A prediction in the KeratinoSens is considered positive if the following 4 conditions are all met in 2 of 2 or in the same 2 of 3 repetitions (Imax >1,5-fold; cell viability > 70%, EC1.5 value < 1000 µM, apparent dose response curve).

All assay acceptance criteria were met. Since the Imax in both experiments was less than 1.5-fold, the test item was considered to be negative in the ARE-Nrf2 Luciferase Test.

In vitro testing in a second cell-based test - h-CLAT (following OECD TG 442E)

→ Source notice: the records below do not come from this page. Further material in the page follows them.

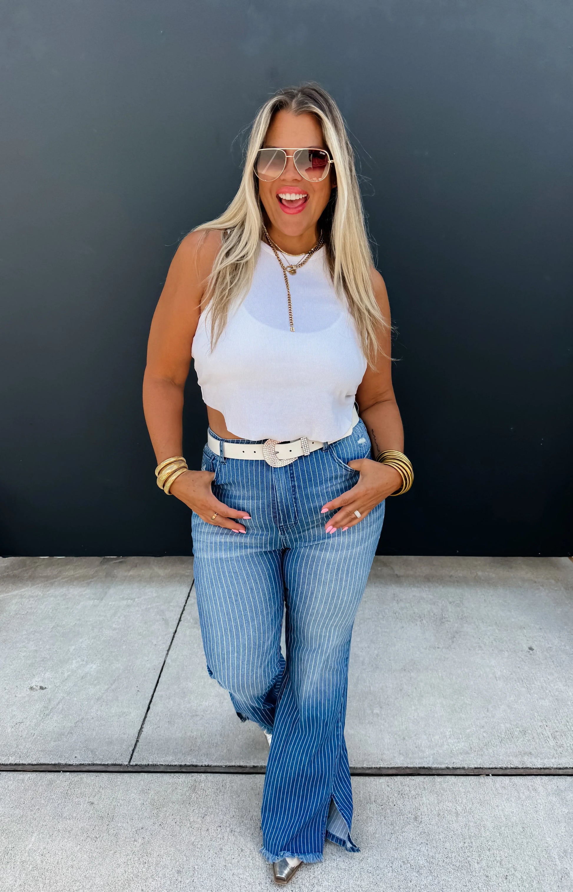 THREE WORDS! TUMMY. CONTROL.PANNEL. We are SO excited to not only launch these stretchy, light distressed flares, BUT, having a tummy control panel is a game changer with a NEW DESIGN! The medium wash features a unique slit at the bottom and tasteful distressing on the back pocket and front.
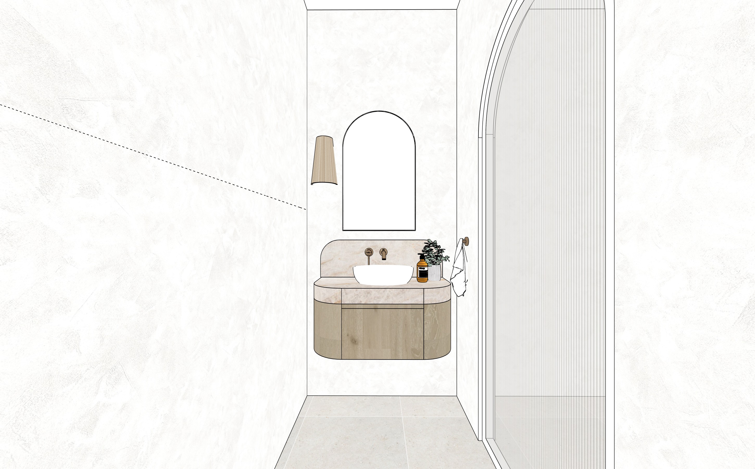 antique brass tapware tone taj mahal stone light oak cabinet white frame mirror styling decor light colour micro cement walls rattan woven wall sconce white frame door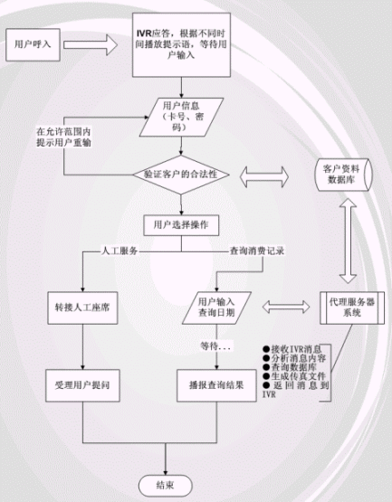 用戶通過客戶服務(wù)熱線呼入呼叫中心系統(tǒng),由通信網(wǎng)關(guān)接入IVR系統(tǒng),進(jìn)入IVR流程,用戶輸入基本信息,如卡號、密碼等,IVR系統(tǒng)將查詢客戶資料,驗(yàn)證其合法性,如果是合法會員,IVR系統(tǒng)會以語音合成的方式播報(bào)客戶姓名,人性化的設(shè)計(jì)盡在其中。用戶可以進(jìn)一步選擇人工服務(wù)或語音查詢,人工服務(wù)將由UltraCTI呼叫中心服務(wù)器根據(jù)座席的工作狀態(tài)自動將呼叫分配到某一座席,同時(shí)將用戶的信息通過TCP/IP網(wǎng)絡(luò)協(xié)議一并發(fā)送,服務(wù)人員接受呼叫,同時(shí)自動根據(jù)用戶信息在座席的客戶端彈出受理信息界面。客戶與服務(wù)人員在交流的過程中,可以查詢產(chǎn)品信息庫等,當(dāng)咨詢完畢時(shí),呼叫結(jié)束,座席空閑,等待下一次呼叫。

The human Cell Line Activation Test (h-CLAT) is an in vitro skin sensitization test following OECD TG 442E (In Vitro Skin Sensitization: human Cell Line Activation Test (h-CLAT), adopted July 2016). This test addresses the third key event of skin sensitization, the activation of dendritic cells in culture. In principle, changes in the expression of cell surface markers (i.e. CD86 and CD54) on a human monocytic leukaemia cell line are quantified following 24 hours exposure to the test chemical. These surface molecules are typical markers of monocytic THP-1 activation and may mimic dendritic cell (DC) activation, which plays a critical role in T-cell priming. The changes of surface marker expression are measured by flow cytometry following cell staining with fluorochrome-tagged antibodies. Cytotoxicity measurement is also conducted concurrently to assess whether upregulation of surface marker expression occurs at sub-cytotoxic concentrations. The relative fluorescence intensity of surface markers compared to solvent/vehicle control is calculated and used in the prediction model to support the discrimination between sensitisers and non-sensitisers.

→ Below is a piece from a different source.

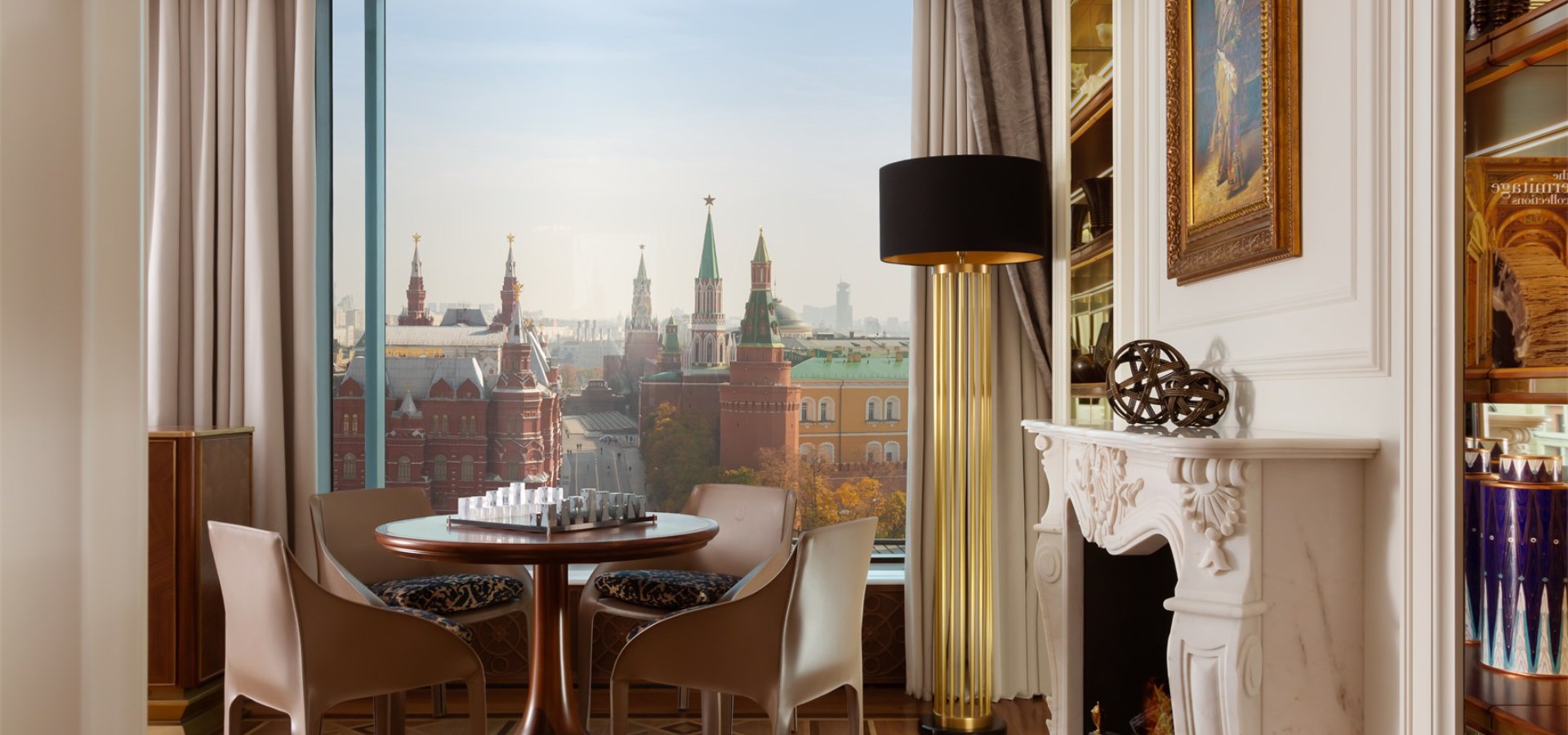 Outre une situation géographique exceptionnelle (le Ritz-Carlton est situé au centre des principaux édifices de la capitale que sont le Kremlin, le Théâtre Bolchoï ou la Place Rouge… et des boutiques commerçantes), le O2 Lounge, situé sur le toit de l'établissement, offre une vue splendide de la Place Rouge.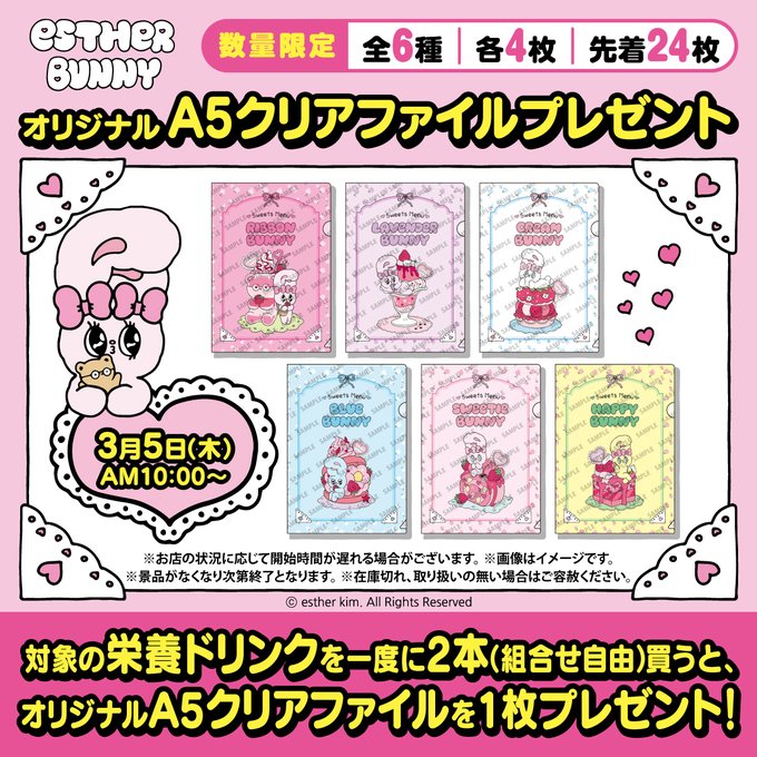 コラボキャンペーンの一環で「対象の栄養ドリンクを一度に2本買うと、エスターバニー オリジナルA5クリアファイルを1枚プレゼント!」キャンペーンが2026年3月5日(木) 10:00からスタートします。

Testing of disodium-naphthalene-1,5-disulphonate monohydrate in the h-CLAT is ongoing.

Further toxicological data with potential relevance for skin sensitization:

The available toxicological data are of reliability 1 or 2 (Guideline- and GLP- compliant studies; see Table 3). No effects with regard to skin or eye irritation were observed in vitro and in vivo.

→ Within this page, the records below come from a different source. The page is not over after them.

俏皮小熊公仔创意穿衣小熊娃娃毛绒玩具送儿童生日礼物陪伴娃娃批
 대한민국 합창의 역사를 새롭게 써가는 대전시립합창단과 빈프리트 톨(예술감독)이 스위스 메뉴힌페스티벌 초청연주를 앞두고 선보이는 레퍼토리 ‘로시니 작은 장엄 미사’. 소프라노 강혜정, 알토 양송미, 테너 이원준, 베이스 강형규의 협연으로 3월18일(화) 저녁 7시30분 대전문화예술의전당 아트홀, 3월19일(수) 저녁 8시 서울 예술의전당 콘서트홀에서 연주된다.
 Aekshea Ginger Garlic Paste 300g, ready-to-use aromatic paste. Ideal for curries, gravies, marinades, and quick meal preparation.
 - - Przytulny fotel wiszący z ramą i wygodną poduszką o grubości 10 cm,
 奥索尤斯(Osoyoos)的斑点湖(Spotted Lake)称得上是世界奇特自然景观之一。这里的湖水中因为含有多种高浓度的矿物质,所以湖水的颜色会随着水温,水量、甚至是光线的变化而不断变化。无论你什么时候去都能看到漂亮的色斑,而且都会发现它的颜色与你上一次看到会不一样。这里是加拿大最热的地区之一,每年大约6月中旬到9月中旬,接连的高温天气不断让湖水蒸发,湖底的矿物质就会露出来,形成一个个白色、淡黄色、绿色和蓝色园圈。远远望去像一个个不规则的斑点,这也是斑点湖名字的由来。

The absence of an electrophilic (DNA-reactive) potential of the substance was shown in a bacterial mutagenicity test with and without metabolic activation by S9 mix with negative outcome performed on 4 Salmonella strains.

Respiratory sensitisation

Endpoint conclusion

Additional information:

No data available.

Justification for classification or non-classification

The available information does not point to a skin sensitization potential in vivo. No protein binding alert was obtained via in silico assessment with the OECD Toolbox. The substance was tested in chemico for the first key event of skin sensitization (peptide reactivity) and in vitro for the second key event (keratinocyte activation). Both tests revealed negative results. A third test (activation of dendritic cells) is ongoing.

The above listed tests and procedures are adequate for non-classification regarding skin sensitization and risk assessment according to point 8.3 of Annex VII of Regulation (EC) 1907/2006.